* Task instructions *
For the data below, transcribe the part that opens with the line containing "NUR 425 Complex" and closes with the line containing "随后,支晓强教授为通过会计专", exactly and with no pictures.

* Data *
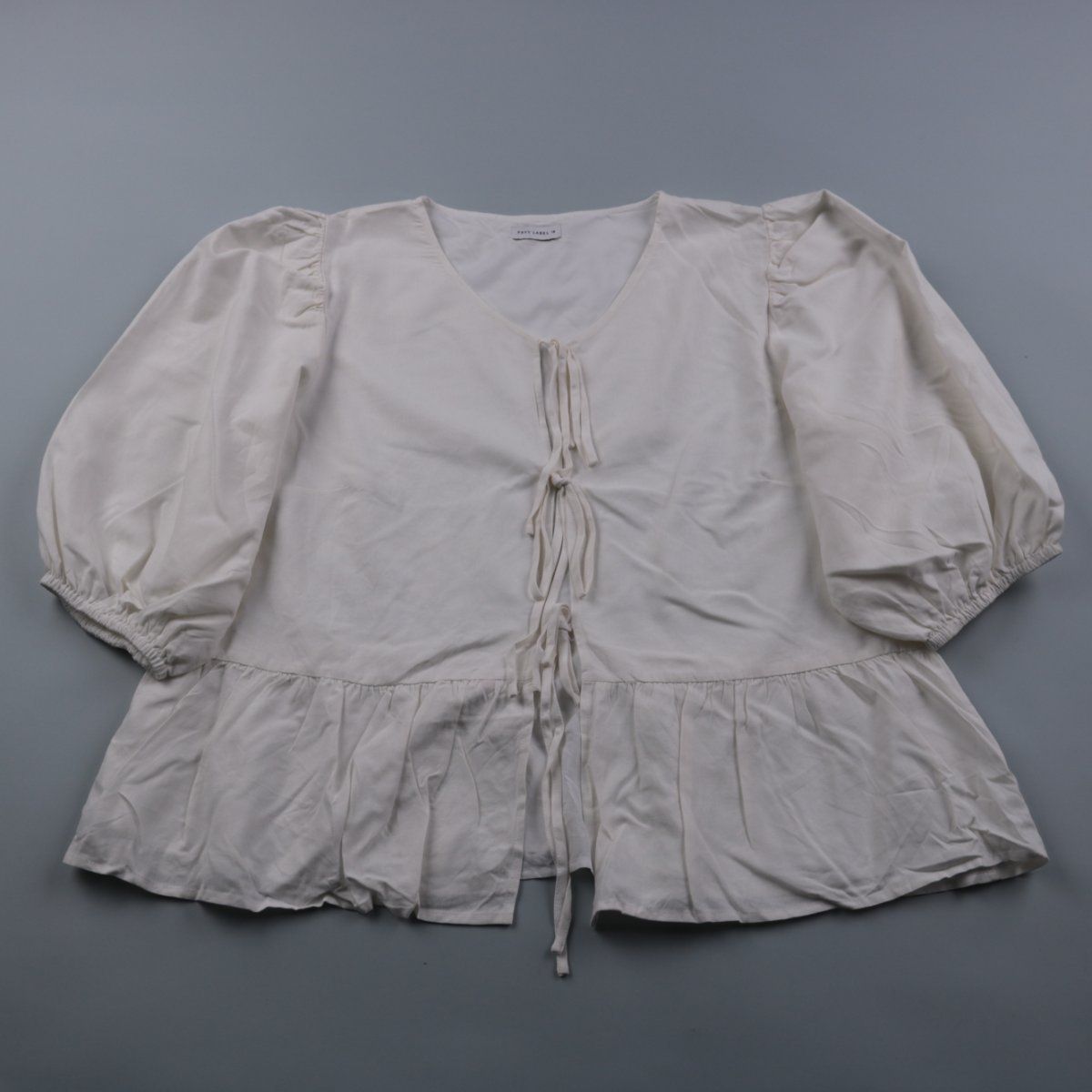 Белая блузка Fayt с V‑вырезом, завязками спереди и объёмными рукавами. Подойдёт для летних образов и отпуска, хорошо сочетается с джинсами и шортами. Натуральный состав с льном делает ткань более дышащей.
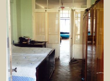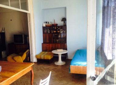 იყიდება 2,5–ოთახიანი 96 კვ.მ–ის არასტანდარტული პროექტის ბინა საბურთალოზე, ჩიქოვანის ქუჩაზე, მე–9 სართულზე, ჭერის სიმაღლე – 3 მ., ლოჯით, ძველი რემონტით, გათბობით, ცხელი წყლით, ტელეფონით, ინტერნეტით, რკინის კარით, 2 აივნით
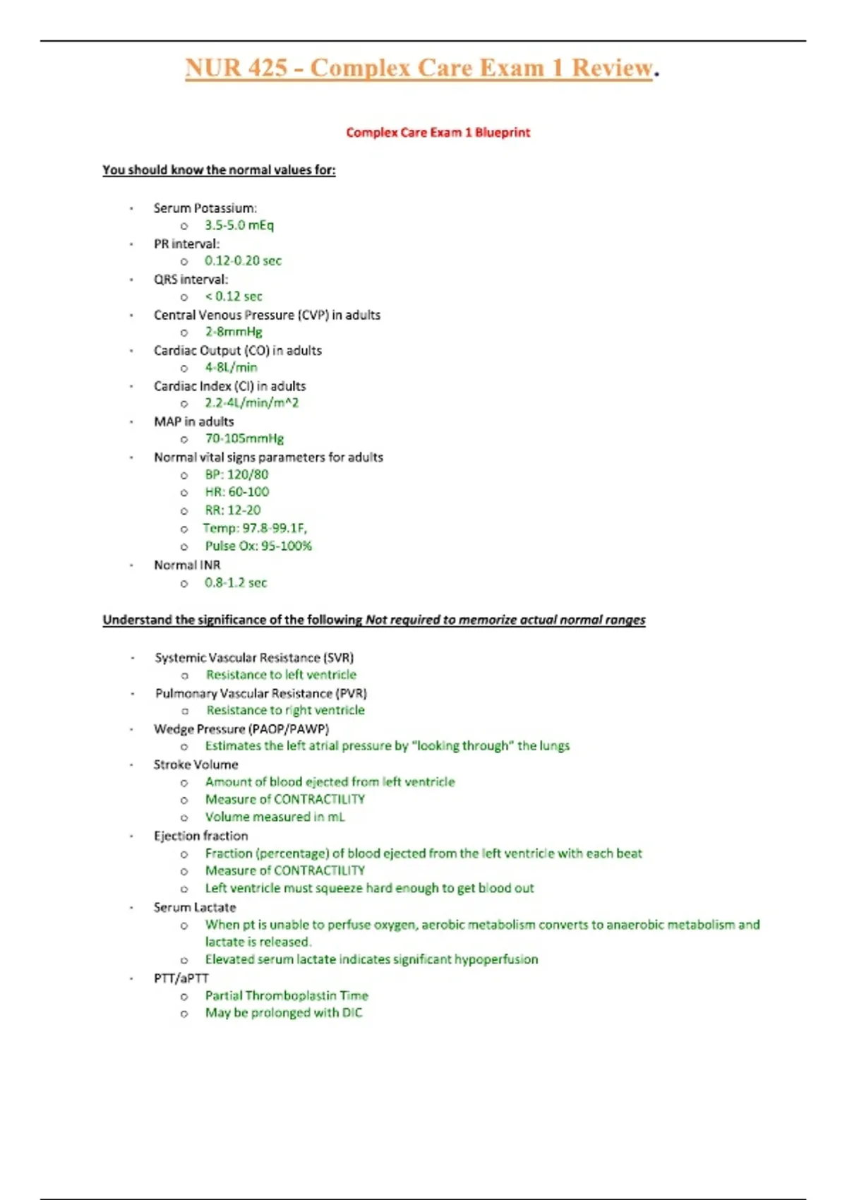 NUR 425 Complex Care Exam 1 Review | Verified Questions and Correct Answers, Detailed Rationales, A+ Explanations, Exam-Focused Nursing Study Guide
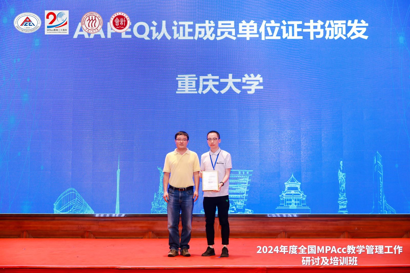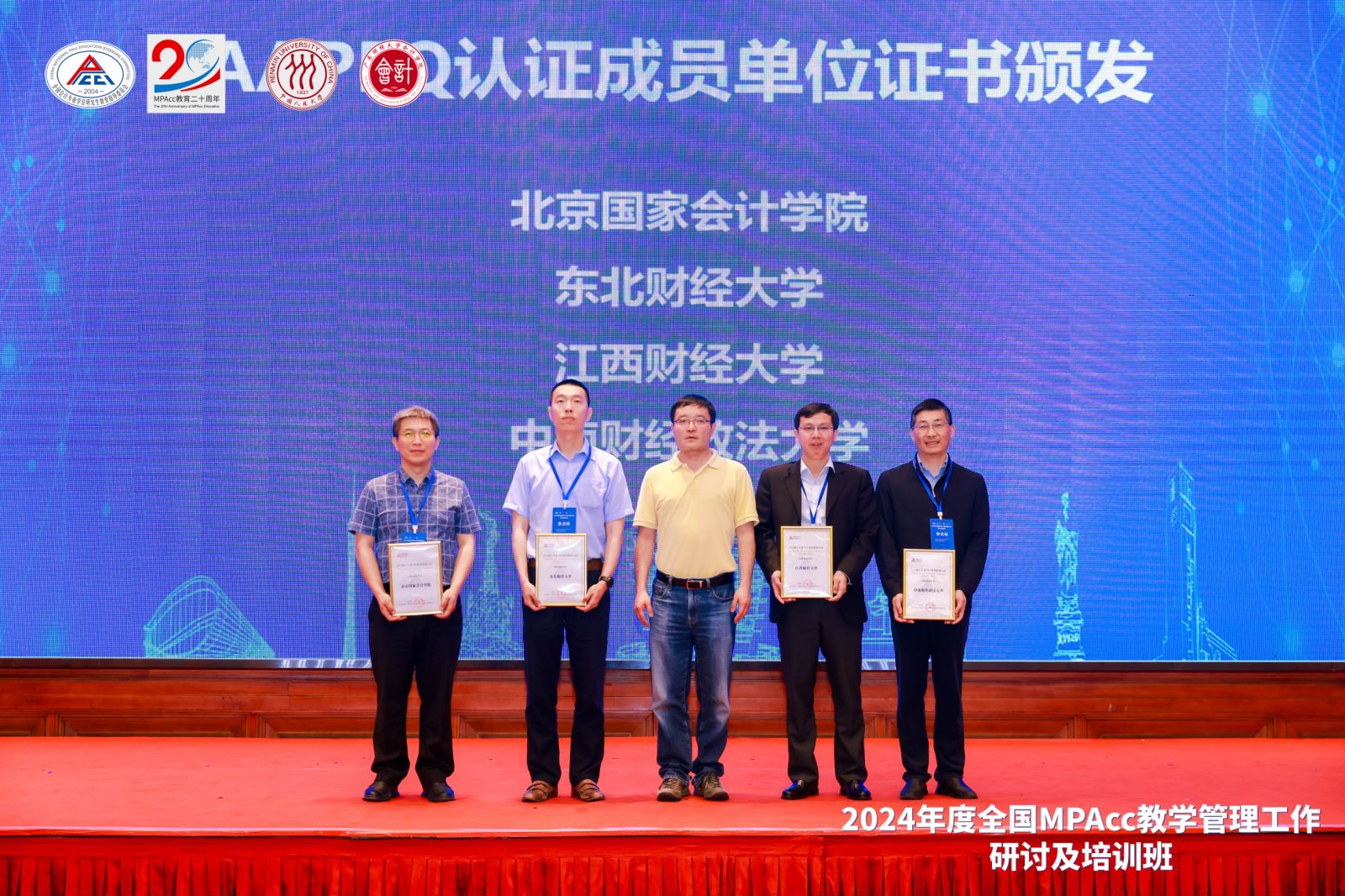 随后,支晓强教授为通过会计专业学位教育质量认证(AAPEQ)再认证的北京国家会计学院、东北财经大学、江西财经大学、中南财经政法大学以及首次通过AAPEQ认证的重庆大学颁发AAPEQ认证A级成员单位证书。
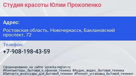 Студия красоты Юлии Прокопенко по адресу Ростовская область, Новочеркасск, Баклановский проспект, 72 в дальнейшем Организация, размещена в следующих категориях:
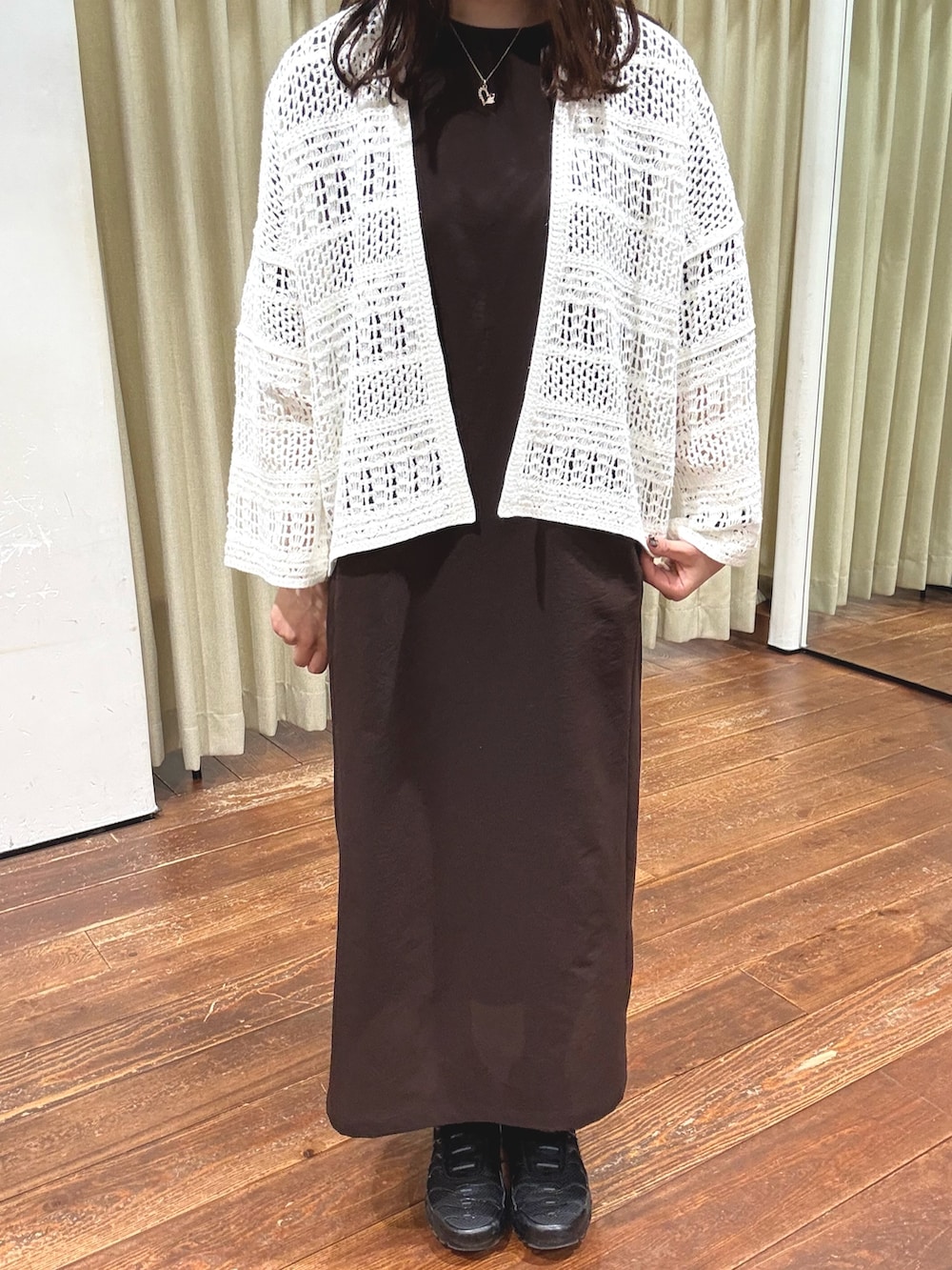 DOTAIRシリーズのワンピースに袖のボリュームと程よいゆったり感が着やすいカーディガンを合わせました。

* Output for this exercise *
 NUR 425 Complex Care Exam 1 Review | Verified Questions and Correct Answers, Detailed Rationales, A+ Explanations, Exam-Focused Nursing Study Guide
 随后,支晓强教授为通过会计专业学位教育质量认证(AAPEQ)再认证的北京国家会计学院、东北财经大学、江西财经大学、中南财经政法大学以及首次通过AAPEQ认证的重庆大学颁发AAPEQ认证A级成员单位证书。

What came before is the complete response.